◆ **Data in this exercise**
****************
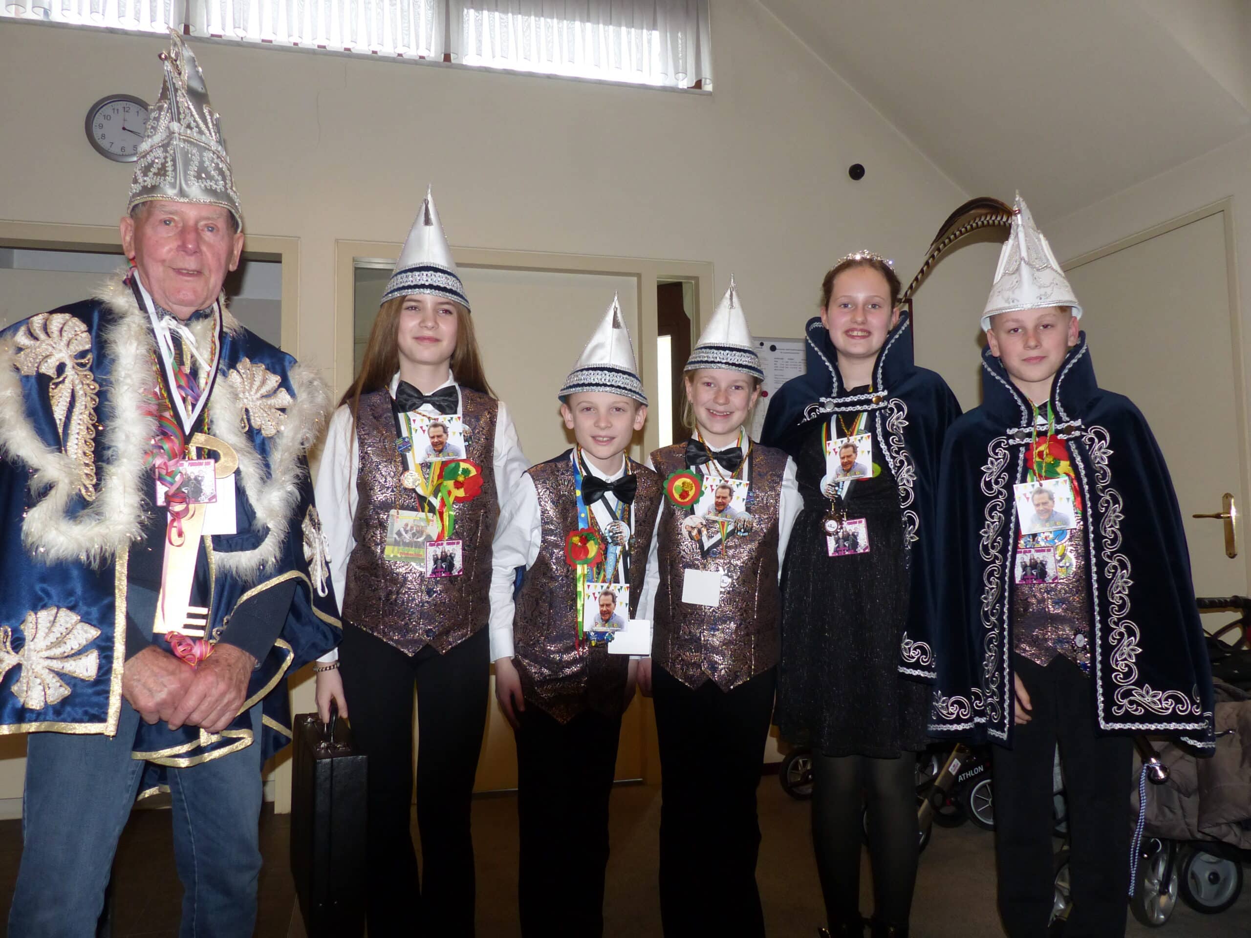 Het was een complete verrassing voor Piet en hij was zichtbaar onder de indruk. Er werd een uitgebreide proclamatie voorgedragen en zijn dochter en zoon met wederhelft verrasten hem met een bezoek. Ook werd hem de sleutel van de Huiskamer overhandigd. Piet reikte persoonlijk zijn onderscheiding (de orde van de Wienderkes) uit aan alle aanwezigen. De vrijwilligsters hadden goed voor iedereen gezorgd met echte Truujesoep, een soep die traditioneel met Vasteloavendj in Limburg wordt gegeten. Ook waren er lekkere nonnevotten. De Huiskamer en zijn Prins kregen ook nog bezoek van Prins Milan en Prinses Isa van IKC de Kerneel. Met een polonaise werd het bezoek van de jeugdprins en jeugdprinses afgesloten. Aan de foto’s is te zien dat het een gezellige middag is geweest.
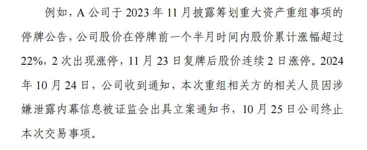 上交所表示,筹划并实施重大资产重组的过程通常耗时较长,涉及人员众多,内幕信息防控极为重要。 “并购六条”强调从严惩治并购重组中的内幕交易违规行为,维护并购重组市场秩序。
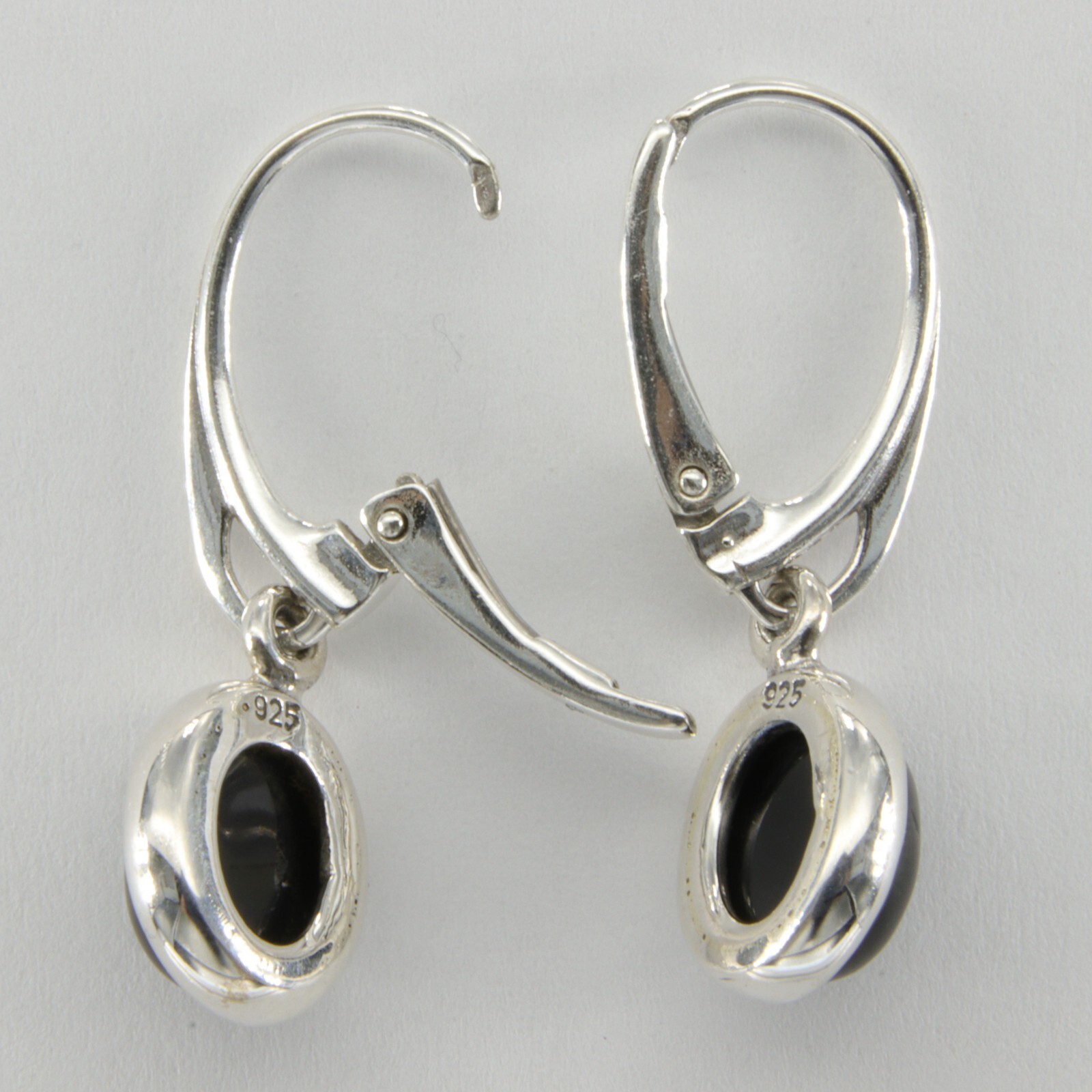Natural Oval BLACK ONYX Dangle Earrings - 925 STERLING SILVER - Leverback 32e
****************
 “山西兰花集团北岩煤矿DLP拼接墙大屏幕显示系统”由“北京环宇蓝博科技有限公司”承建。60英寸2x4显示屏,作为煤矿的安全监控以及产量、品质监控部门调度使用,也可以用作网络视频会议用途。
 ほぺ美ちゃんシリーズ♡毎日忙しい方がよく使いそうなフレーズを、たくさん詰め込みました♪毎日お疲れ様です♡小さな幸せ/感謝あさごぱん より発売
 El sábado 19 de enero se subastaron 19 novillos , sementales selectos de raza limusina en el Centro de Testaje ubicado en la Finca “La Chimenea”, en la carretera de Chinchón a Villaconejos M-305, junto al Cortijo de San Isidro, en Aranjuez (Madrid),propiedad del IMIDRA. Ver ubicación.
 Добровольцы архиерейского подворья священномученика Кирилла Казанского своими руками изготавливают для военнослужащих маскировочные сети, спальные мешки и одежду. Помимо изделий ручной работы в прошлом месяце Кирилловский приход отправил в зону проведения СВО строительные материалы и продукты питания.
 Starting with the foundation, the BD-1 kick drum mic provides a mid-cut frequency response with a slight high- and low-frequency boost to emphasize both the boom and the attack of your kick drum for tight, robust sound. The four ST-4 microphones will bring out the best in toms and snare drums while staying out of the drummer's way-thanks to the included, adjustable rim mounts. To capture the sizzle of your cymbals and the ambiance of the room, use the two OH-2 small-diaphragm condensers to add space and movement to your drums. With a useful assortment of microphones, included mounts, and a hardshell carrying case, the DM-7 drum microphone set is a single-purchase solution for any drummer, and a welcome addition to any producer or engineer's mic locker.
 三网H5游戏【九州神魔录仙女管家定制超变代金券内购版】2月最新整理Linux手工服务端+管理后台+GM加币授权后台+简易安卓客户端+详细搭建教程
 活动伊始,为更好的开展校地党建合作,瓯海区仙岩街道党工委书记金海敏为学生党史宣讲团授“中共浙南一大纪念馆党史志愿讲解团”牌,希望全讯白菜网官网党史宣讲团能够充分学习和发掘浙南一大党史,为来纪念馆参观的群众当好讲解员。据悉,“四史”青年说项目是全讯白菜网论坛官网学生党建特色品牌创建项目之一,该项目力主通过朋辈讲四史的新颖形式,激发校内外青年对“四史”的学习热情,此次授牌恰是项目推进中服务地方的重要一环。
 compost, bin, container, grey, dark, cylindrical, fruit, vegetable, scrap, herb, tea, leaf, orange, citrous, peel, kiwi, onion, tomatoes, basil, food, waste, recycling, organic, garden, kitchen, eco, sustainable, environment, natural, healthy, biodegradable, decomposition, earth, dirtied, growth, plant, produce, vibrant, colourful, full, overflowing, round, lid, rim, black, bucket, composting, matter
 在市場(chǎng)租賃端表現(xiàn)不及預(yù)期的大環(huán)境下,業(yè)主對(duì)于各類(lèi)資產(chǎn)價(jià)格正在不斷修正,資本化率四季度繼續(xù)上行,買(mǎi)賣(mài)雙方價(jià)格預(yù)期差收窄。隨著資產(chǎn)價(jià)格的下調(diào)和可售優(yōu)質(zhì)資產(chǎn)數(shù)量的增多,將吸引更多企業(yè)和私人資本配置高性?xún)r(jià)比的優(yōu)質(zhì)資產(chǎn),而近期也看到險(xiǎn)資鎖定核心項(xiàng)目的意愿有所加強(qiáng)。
****************
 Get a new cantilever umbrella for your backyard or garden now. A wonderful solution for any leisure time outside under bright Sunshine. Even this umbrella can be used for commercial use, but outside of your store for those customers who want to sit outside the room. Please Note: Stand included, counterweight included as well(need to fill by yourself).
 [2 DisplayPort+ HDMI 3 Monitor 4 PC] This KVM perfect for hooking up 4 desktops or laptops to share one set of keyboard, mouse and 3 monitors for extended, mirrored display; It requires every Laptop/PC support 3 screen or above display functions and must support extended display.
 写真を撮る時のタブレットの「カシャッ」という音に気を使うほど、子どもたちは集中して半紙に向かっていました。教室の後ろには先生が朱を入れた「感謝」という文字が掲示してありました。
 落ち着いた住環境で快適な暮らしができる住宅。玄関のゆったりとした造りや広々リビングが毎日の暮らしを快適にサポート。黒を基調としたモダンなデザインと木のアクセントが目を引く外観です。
****************
◆ **Required action**
An exact copy of the lines above, from the one containing "活动伊始,为更好的开展校地党" through the one containing "在市場(chǎng)租賃端表", is the whole of the answer.

◆ **Completed exercise**
 活动伊始,为更好的开展校地党建合作,瓯海区仙岩街道党工委书记金海敏为学生党史宣讲团授“中共浙南一大纪念馆党史志愿讲解团”牌,希望全讯白菜网官网党史宣讲团能够充分学习和发掘浙南一大党史,为来纪念馆参观的群众当好讲解员。据悉,“四史”青年说项目是全讯白菜网论坛官网学生党建特色品牌创建项目之一,该项目力主通过朋辈讲四史的新颖形式,激发校内外青年对“四史”的学习热情,此次授牌恰是项目推进中服务地方的重要一环。
 compost, bin, container, grey, dark, cylindrical, fruit, vegetable, scrap, herb, tea, leaf, orange, citrous, peel, kiwi, onion, tomatoes, basil, food, waste, recycling, organic, garden, kitchen, eco, sustainable, environment, natural, healthy, biodegradable, decomposition, earth, dirtied, growth, plant, produce, vibrant, colourful, full, overflowing, round, lid, rim, black, bucket, composting, matter
 在市場(chǎng)租賃端表現(xiàn)不及預(yù)期的大環(huán)境下,業(yè)主對(duì)于各類(lèi)資產(chǎn)價(jià)格正在不斷修正,資本化率四季度繼續(xù)上行,買(mǎi)賣(mài)雙方價(jià)格預(yù)期差收窄。隨著資產(chǎn)價(jià)格的下調(diào)和可售優(yōu)質(zhì)資產(chǎn)數(shù)量的增多,將吸引更多企業(yè)和私人資本配置高性?xún)r(jià)比的優(yōu)質(zhì)資產(chǎn),而近期也看到險(xiǎn)資鎖定核心項(xiàng)目的意愿有所加強(qiáng)。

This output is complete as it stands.